- **DESCRIPTION OF THE TASK**
Give back each entry word for word, but drop the images.

- **MATERIALS PROVIDED**
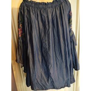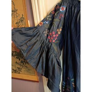 Umgee Dress Blue Embroidered Flared Sleeves Sz L On Or Off Shoulder Boho Fairy
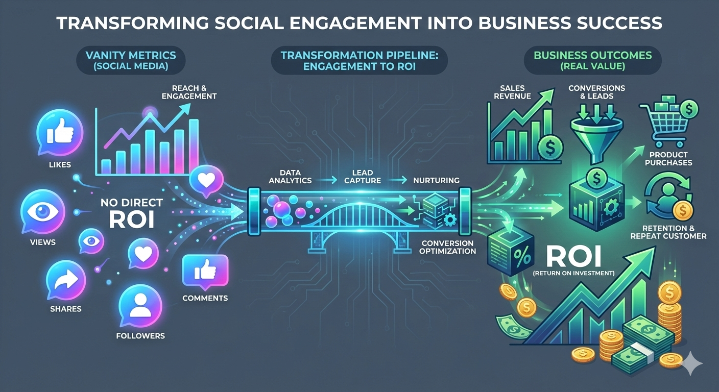 Social media platforms provide abundant metrics such as likes, views, shares, and followers. While these numbers indicate activity, they do not automatically reflect business success.
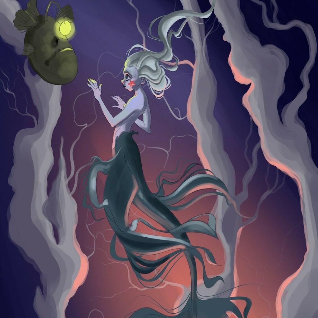 #wip of the colouring of the mermaid with her spooky lantern fish 💪 I am very slow... 😐 and besides I don't have so much time to draw and practice colours, shadows and ligthting Do you think it's going well? #mermay #mermaid #illustration #art #digi… instagr.am/p/CdnTmHiDXJl/
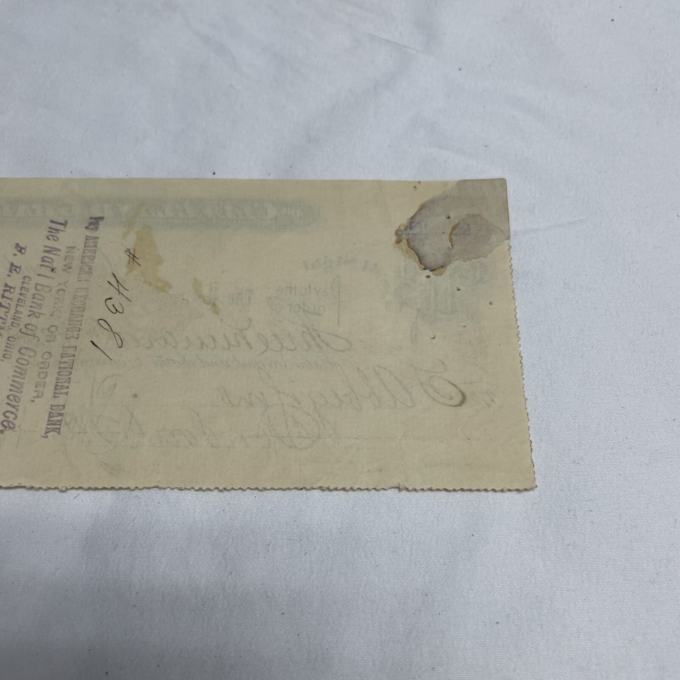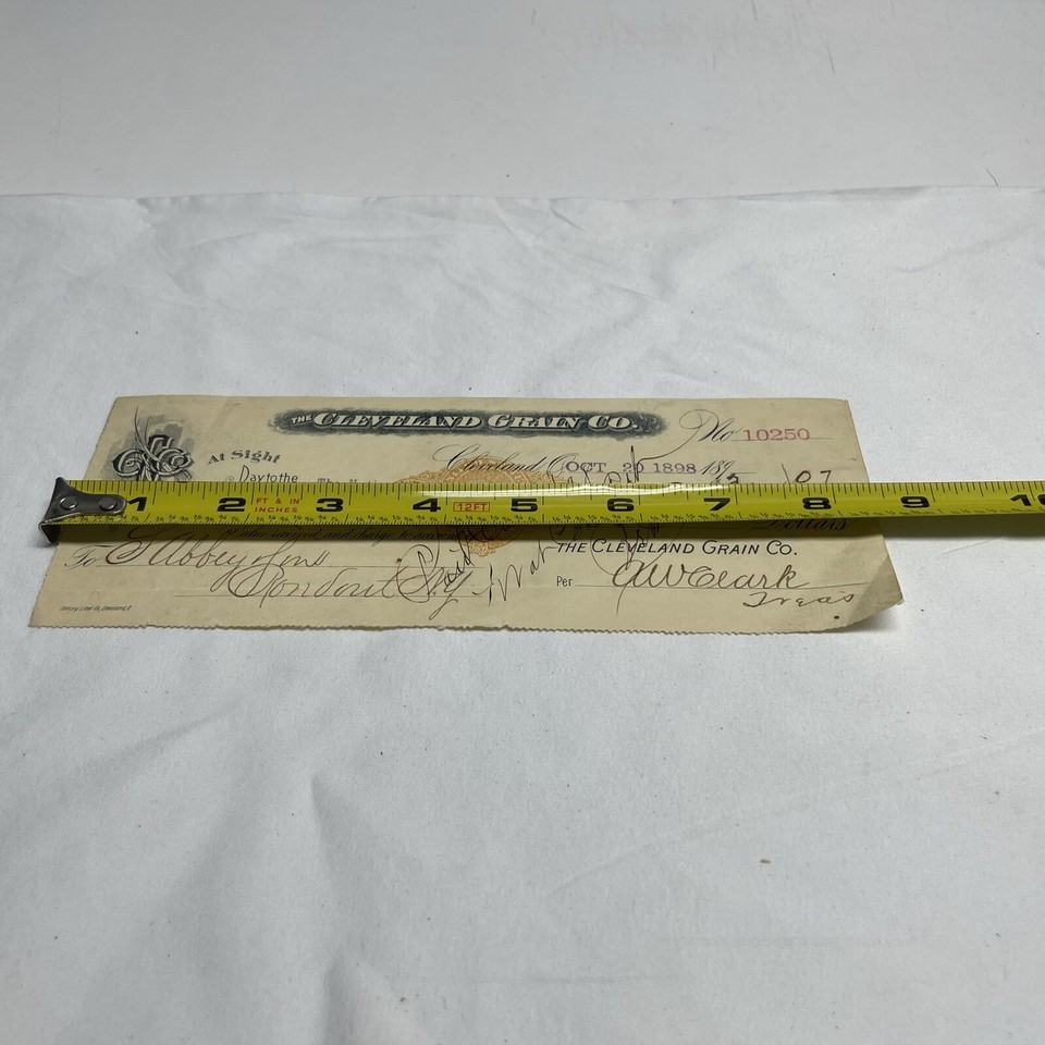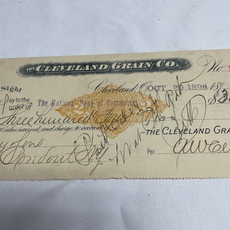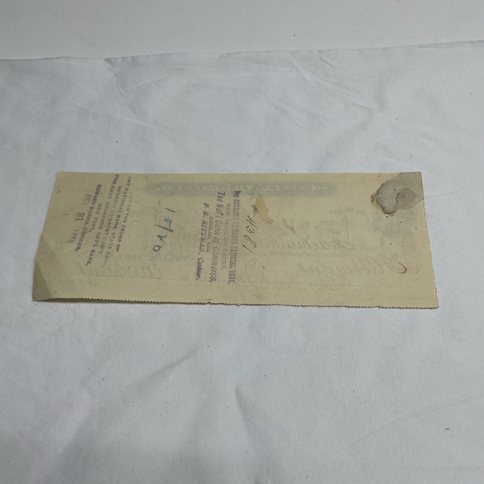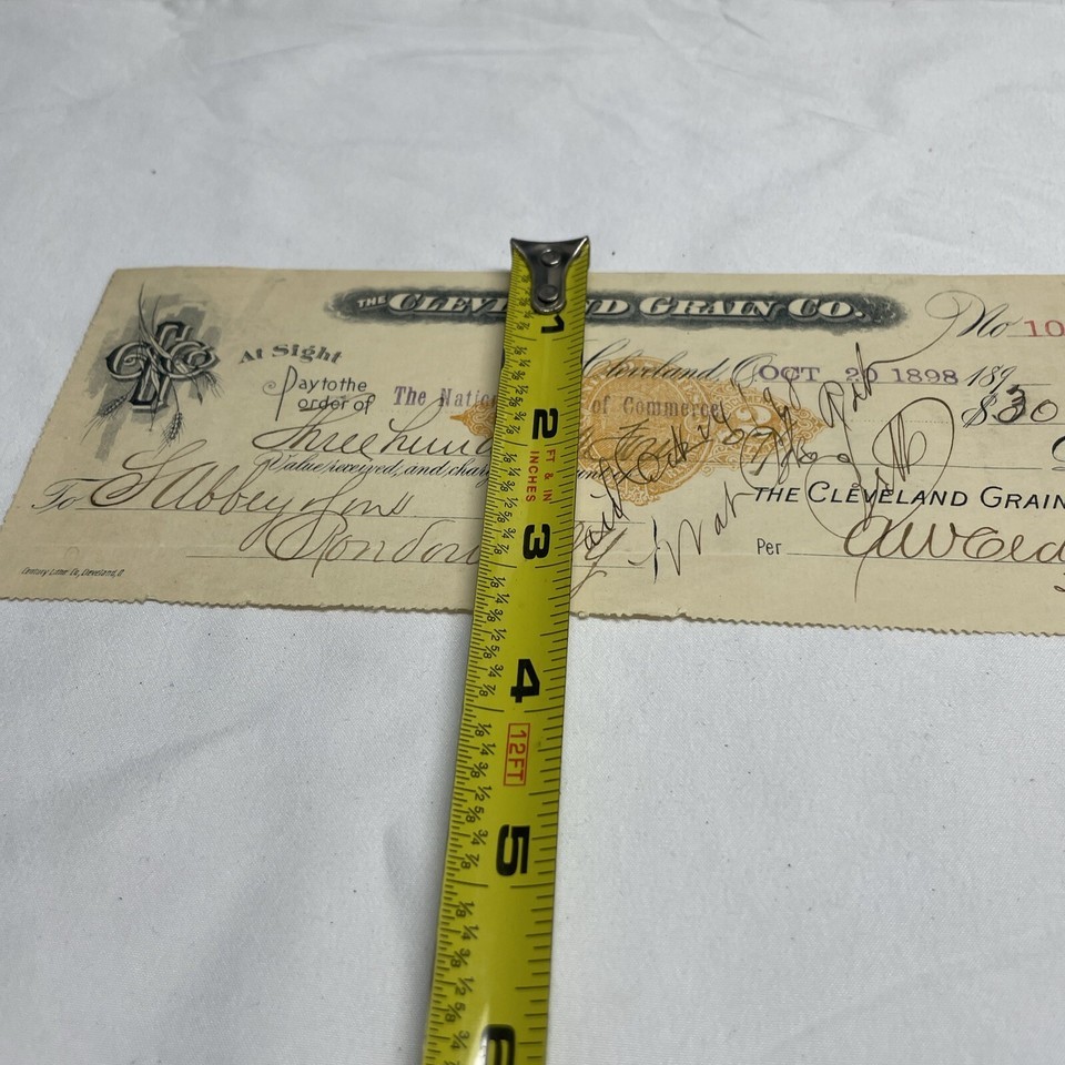 Good, displayed condition. Corner is creased over. Stamped October 20, 1898. Some yellowing and staining on the check. Please see pictures for condition details and measurements.
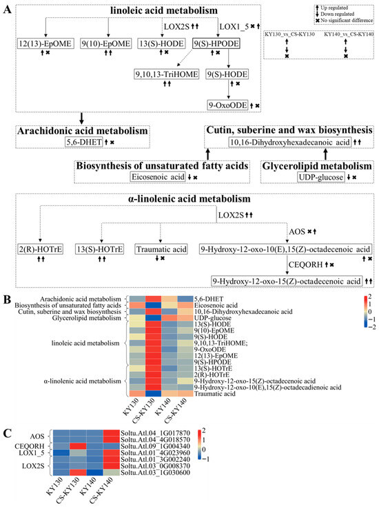 Integrated metabolomic and transcriptomic analysis of DAMs and DEGs associated with “lipid metabolism” in potatoes under CS. (A) Schematic representation of the “lipid metabolic pathway.” Arrow-headed lines indicate connections between DAMs, with enzymes positioned along each line. Solid lines indicate direct interactions between DAM molecules, while dashed lines represent indirect connections with intervening metabolites. DAMs and DEGs were analyzed through KEGG pathway mapping to elucidate their potential roles in systemic biological processes [https://www.kegg.jp/kegg/pathway.html (accessed on 8 July 2024)]. (B) Heatmap of DAMs associated with lipid metabolism. The horizontal axis represents sample names, while the vertical axis corresponds to the KEGG pathway. Colors represent different values obtained following the standardization of relative contents (red, higher content; blue, lower content). (C) Heatmap depicting DEGs encoding key enzymes involved in “lipid metabolism.” The horizontal axis represents sample names, while the vertical axis denotes the corresponding enzymes and DEGs. Distinct colors represent standardized values of various relative contents (red, higher content; blue, lower content). KY130, untreated KY130; CS-KY130, treated KY130; KY140, untreated KY140; CS-KY140, treated KY140. Abbreviations: KEGG, Kyoto Encyclopedia of Genes and Genomes; KY130, potato cultivar KY130; KY140, potato cultivar KY140; CS-KY130, cold-stressed KY130; CS-KY140, cold-stressed KY140; DAMs, differentially accumulated metabolites; DEGs, differentially expressed genes; CS, cold stress; LOX2S, lipoxygenase; LOX1_5, linoleate 9S-lipoxygenase; AOS, hydroperoxide dehydratase; CEQORH, chloroplastic oxoene reductase.
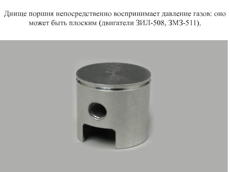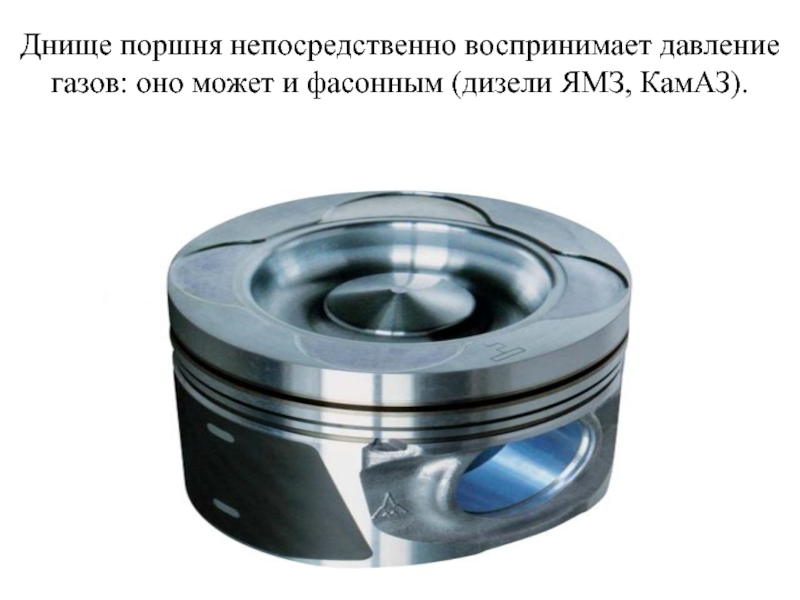 Слайд 11Днище поршня непосредственно воспринимает давление газов: оно может быть плоским
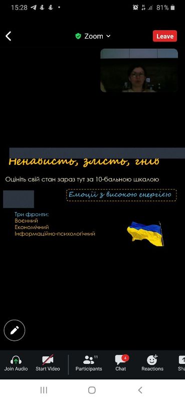 Цікаво було дізнатися, що на війні немає правильного рішення, адже події дуже швидко змінюються. Спочатку потрібно допомогти психологічно собі, а потім вже іншим. Не варто приймати зараз важливих рішень, наприклад. розлучатися або звільнятися з роботи, тому що ми живемо між першими двома рівнями піраміди Маслоу – фізіологічними потребами і потребою у безпеці, через що нездатні раціонально мислити.
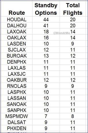 Not surprisingly, the routes where standby will work well are heavily focused in Texas and California where the carrier has several routes with very high frequencies. Between Houston and Dallas there are more than 40 flights each direction within the 2-hour window, allowing for easy standby option, though not more than 40 daily flights. They are so closely bunched that a booking on one could leave multiple other standby options available. With five flights from Atlanta to Fort Lauderdale on Monday only the first two are within the 120-minute window, meaning an A-List booking on the 10:50a flight could potentially catch the 8:55a for free but booking on the others leaves no free standby options; that is far less useful for most travelers. Here’s a list of the top 20 routes for standby travel in terms of options relative to total flights and also the worst for such.
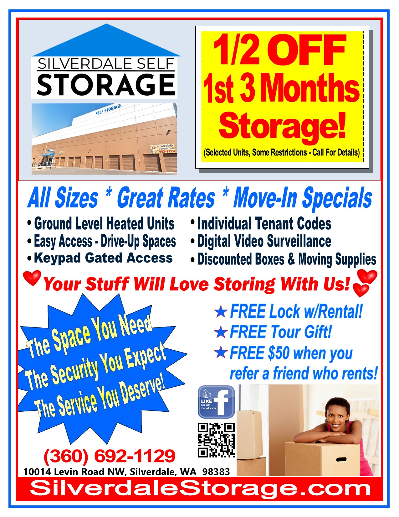 Silverdale Self Storage is a trusted and well-maintained facility offering a variety of storage options, including heated and unheated units, both drive-up and inside. Customers appreciate the clean, bright, and secure environment, with many noting that their belongings stay in excellent condition, thanks to features like climate control and 24/7 video surveillance. The staff is friendly, knowledgeable, and welcoming, providing great customer service without pressure or gimmicks. Convenient amenities include long access hours, unique entry codes for security, and the ability to rent and pay online, with rewards such as a free high-security lock and a gift for touring. The storage units are spacious and suitable for household items and antiques, maintaining a high level of cleanliness and ventilation. Customers also value the reasonable prices, flexible access, and helpful support from staff members. Overall, Silverdale Self Storage offers a secure, easy, and friendly experience, making it a reliable choice for storage needs in Silverdale.
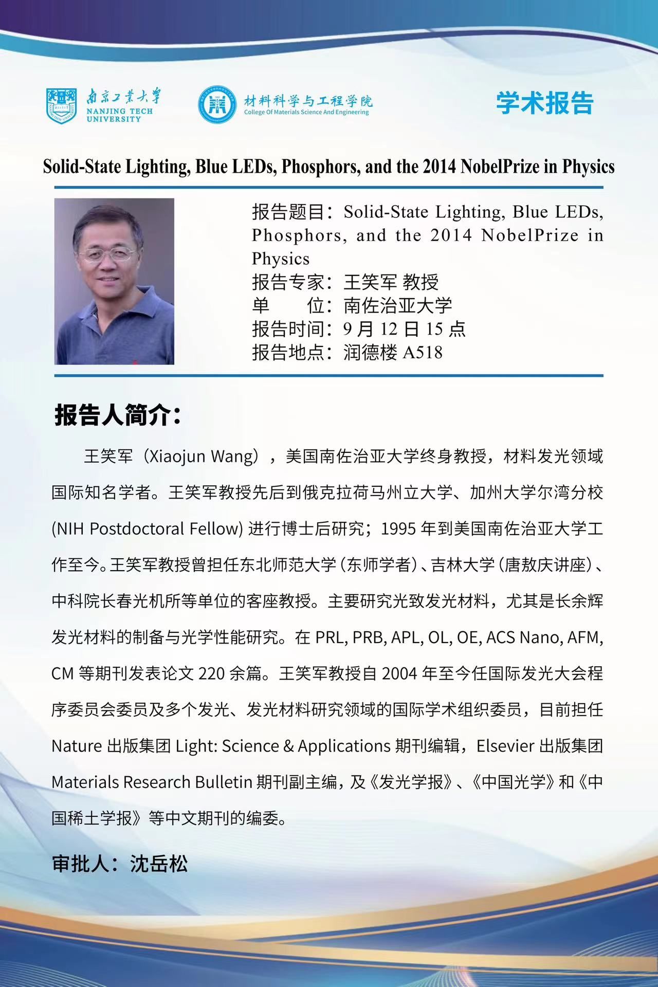 【学术报告】Solid-State Lighting,Blue LEDs,Phosphors,and the 2014 NobelPrize in Physics
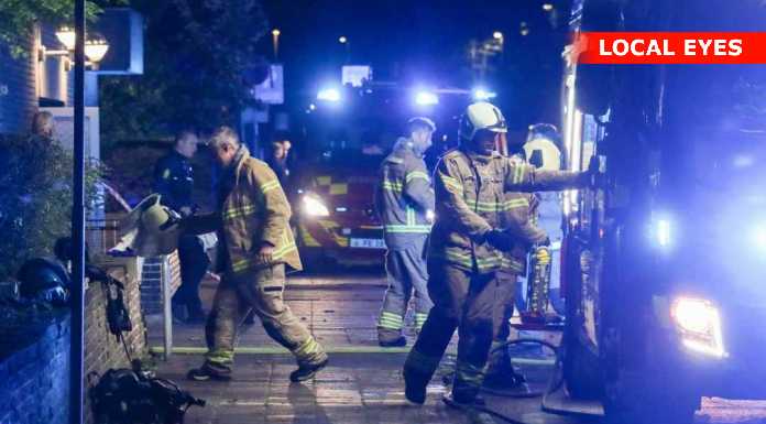 Politi og brandvæsen er, natten til søndag, talstærkt til stede på Johannes V. Jensens Alle – meget tæt på højhuset Domus Vista.
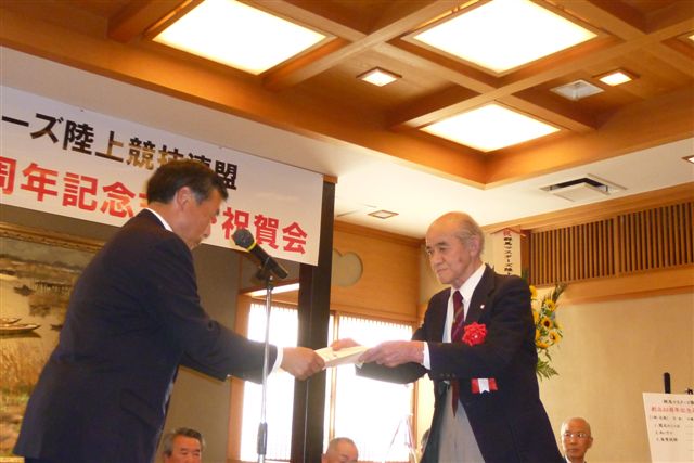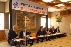 平成24年5月19日(土)に群馬マスターズ陸上競技連盟創立30周年記念式典・祝賀会が登利平本店(前橋市六供町)にて盛大に行われました。当日は73名の群馬マスターズの関係者の方々や来賓の方々にご出席頂きました。祝賀会でのひとコマを掲載します。
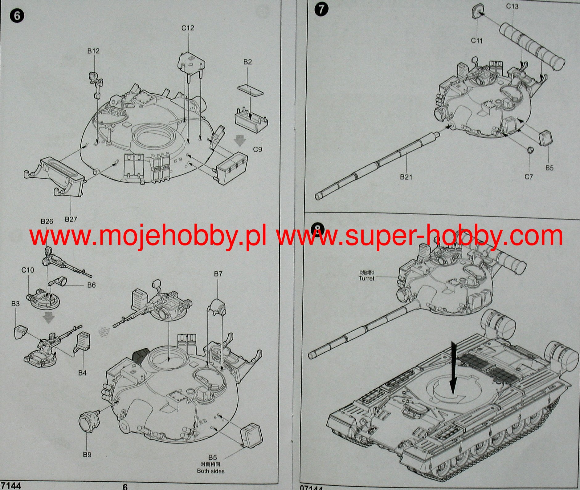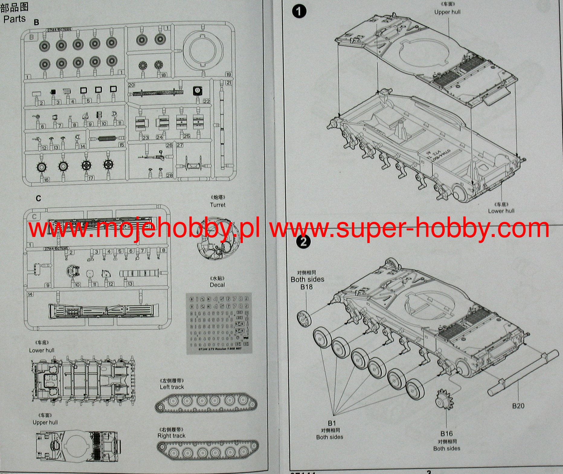 Описание Модификация: Танк-80Б образца 1978 года. Размеры собранной модели: Длина: 134мм, Ширина: 49мм, Высота: 31мм Количество деталей: 40+шт. Схемы окраски: Советская Армия Российская Армия Танк-80 семейство послевоенных советских основных боевых танков(ОБТ), разработанное на базе танка Танк-64. Первый в мире серийный танк с газотурбинным двигателем(ГТД) Танк-80Б принят на вооружение в 1978 году. Принципиальным отличием от Танк-80 стало применение новой пушки и комплекса управляемого ракетного вооружения 9К112-1 "Кобра" с радиоуправляемой ракетой 9М112. С пушкой спарен пулемет ПКТ калибра 7,62-мм. Для стрельбы по воздушным целям имеется зенитный пулемет НСВТ калибра 12,7-мм, установленный на основании люка командира танка. Боевое отделение по компоновке подобно боевому отделению танка Танк-64Б. Кроме 28 выстрелов в механизированной боеукладке, в пределах боевого отделения находятся три выстрела (7 снарядов и заряды к ним размещены в отделении управления). Кроме усовершенствованного вооружения, Танк-80Б имел и более мощную броневую защиту. Лобовая часть корпуса и башни представляет собой многослойные комбинированные преграды, остальное бронирование корпуса и башни монолитная стальная броня, с большим дифференцированием толщин и углов наклона. В 1980 году Танк-80Б получил новый двигатель ГТД-1000ТФ, мощность которого возросла до 1100 л. с. Он приспособлен для работы на реактивных топливах, дизельных топливах и автомобильных низкооктановых бензинах. Танк имеет классическую схему общей компоновки с отделением управления спереди, боевым отделением в центре и моторно-трансмисионным отделением сзади. Боевая масса 42,5 т. Экипаж три человека.

- **TASK OUTPUT**
 Umgee Dress Blue Embroidered Flared Sleeves Sz L On Or Off Shoulder Boho Fairy
 Social media platforms provide abundant metrics such as likes, views, shares, and followers. While these numbers indicate activity, they do not automatically reflect business success.
 #wip of the colouring of the mermaid with her spooky lantern fish 💪 I am very slow... 😐 and besides I don't have so much time to draw and practice colours, shadows and ligthting Do you think it's going well? #mermay #mermaid #illustration #art #digi… instagr.am/p/CdnTmHiDXJl/
 Good, displayed condition. Corner is creased over. Stamped October 20, 1898. Some yellowing and staining on the check. Please see pictures for condition details and measurements.
 Integrated metabolomic and transcriptomic analysis of DAMs and DEGs associated with “lipid metabolism” in potatoes under CS. (A) Schematic representation of the “lipid metabolic pathway.” Arrow-headed lines indicate connections between DAMs, with enzymes positioned along each line. Solid lines indicate direct interactions between DAM molecules, while dashed lines represent indirect connections with intervening metabolites. DAMs and DEGs were analyzed through KEGG pathway mapping to elucidate their potential roles in systemic biological processes [https://www.kegg.jp/kegg/pathway.html (accessed on 8 July 2024)]. (B) Heatmap of DAMs associated with lipid metabolism. The horizontal axis represents sample names, while the vertical axis corresponds to the KEGG pathway. Colors represent different values obtained following the standardization of relative contents (red, higher content; blue, lower content). (C) Heatmap depicting DEGs encoding key enzymes involved in “lipid metabolism.” The horizontal axis represents sample names, while the vertical axis denotes the corresponding enzymes and DEGs. Distinct colors represent standardized values of various relative contents (red, higher content; blue, lower content). KY130, untreated KY130; CS-KY130, treated KY130; KY140, untreated KY140; CS-KY140, treated KY140. Abbreviations: KEGG, Kyoto Encyclopedia of Genes and Genomes; KY130, potato cultivar KY130; KY140, potato cultivar KY140; CS-KY130, cold-stressed KY130; CS-KY140, cold-stressed KY140; DAMs, differentially accumulated metabolites; DEGs, differentially expressed genes; CS, cold stress; LOX2S, lipoxygenase; LOX1_5, linoleate 9S-lipoxygenase; AOS, hydroperoxide dehydratase; CEQORH, chloroplastic oxoene reductase.
 Слайд 11Днище поршня непосредственно воспринимает давление газов: оно может быть плоским
 Цікаво було дізнатися, що на війні немає правильного рішення, адже події дуже швидко змінюються. Спочатку потрібно допомогти психологічно собі, а потім вже іншим. Не варто приймати зараз важливих рішень, наприклад. розлучатися або звільнятися з роботи, тому що ми живемо між першими двома рівнями піраміди Маслоу – фізіологічними потребами і потребою у безпеці, через що нездатні раціонально мислити.
 Not surprisingly, the routes where standby will work well are heavily focused in Texas and California where the carrier has several routes with very high frequencies. Between Houston and Dallas there are more than 40 flights each direction within the 2-hour window, allowing for easy standby option, though not more than 40 daily flights. They are so closely bunched that a booking on one could leave multiple other standby options available. With five flights from Atlanta to Fort Lauderdale on Monday only the first two are within the 120-minute window, meaning an A-List booking on the 10:50a flight could potentially catch the 8:55a for free but booking on the others leaves no free standby options; that is far less useful for most travelers. Here’s a list of the top 20 routes for standby travel in terms of options relative to total flights and also the worst for such.
 Silverdale Self Storage is a trusted and well-maintained facility offering a variety of storage options, including heated and unheated units, both drive-up and inside. Customers appreciate the clean, bright, and secure environment, with many noting that their belongings stay in excellent condition, thanks to features like climate control and 24/7 video surveillance. The staff is friendly, knowledgeable, and welcoming, providing great customer service without pressure or gimmicks. Convenient amenities include long access hours, unique entry codes for security, and the ability to rent and pay online, with rewards such as a free high-security lock and a gift for touring. The storage units are spacious and suitable for household items and antiques, maintaining a high level of cleanliness and ventilation. Customers also value the reasonable prices, flexible access, and helpful support from staff members. Overall, Silverdale Self Storage offers a secure, easy, and friendly experience, making it a reliable choice for storage needs in Silverdale.
 【学术报告】Solid-State Lighting,Blue LEDs,Phosphors,and the 2014 NobelPrize in Physics
 Politi og brandvæsen er, natten til søndag, talstærkt til stede på Johannes V. Jensens Alle – meget tæt på højhuset Domus Vista.
 平成24年5月19日(土)に群馬マスターズ陸上競技連盟創立30周年記念式典・祝賀会が登利平本店(前橋市六供町)にて盛大に行われました。当日は73名の群馬マスターズの関係者の方々や来賓の方々にご出席頂きました。祝賀会でのひとコマを掲載します。
 Описание Модификация: Танк-80Б образца 1978 года. Размеры собранной модели: Длина: 134мм, Ширина: 49мм, Высота: 31мм Количество деталей: 40+шт. Схемы окраски: Советская Армия Российская Армия Танк-80 семейство послевоенных советских основных боевых танков(ОБТ), разработанное на базе танка Танк-64. Первый в мире серийный танк с газотурбинным двигателем(ГТД) Танк-80Б принят на вооружение в 1978 году. Принципиальным отличием от Танк-80 стало применение новой пушки и комплекса управляемого ракетного вооружения 9К112-1 "Кобра" с радиоуправляемой ракетой 9М112. С пушкой спарен пулемет ПКТ калибра 7,62-мм. Для стрельбы по воздушным целям имеется зенитный пулемет НСВТ калибра 12,7-мм, установленный на основании люка командира танка. Боевое отделение по компоновке подобно боевому отделению танка Танк-64Б. Кроме 28 выстрелов в механизированной боеукладке, в пределах боевого отделения находятся три выстрела (7 снарядов и заряды к ним размещены в отделении управления). Кроме усовершенствованного вооружения, Танк-80Б имел и более мощную броневую защиту. Лобовая часть корпуса и башни представляет собой многослойные комбинированные преграды, остальное бронирование корпуса и башни монолитная стальная броня, с большим дифференцированием толщин и углов наклона. В 1980 году Танк-80Б получил новый двигатель ГТД-1000ТФ, мощность которого возросла до 1100 л. с. Он приспособлен для работы на реактивных топливах, дизельных топливах и автомобильных низкооктановых бензинах. Танк имеет классическую схему общей компоновки с отделением управления спереди, боевым отделением в центре и моторно-трансмисионным отделением сзади. Боевая масса 42,5 т. Экипаж три человека.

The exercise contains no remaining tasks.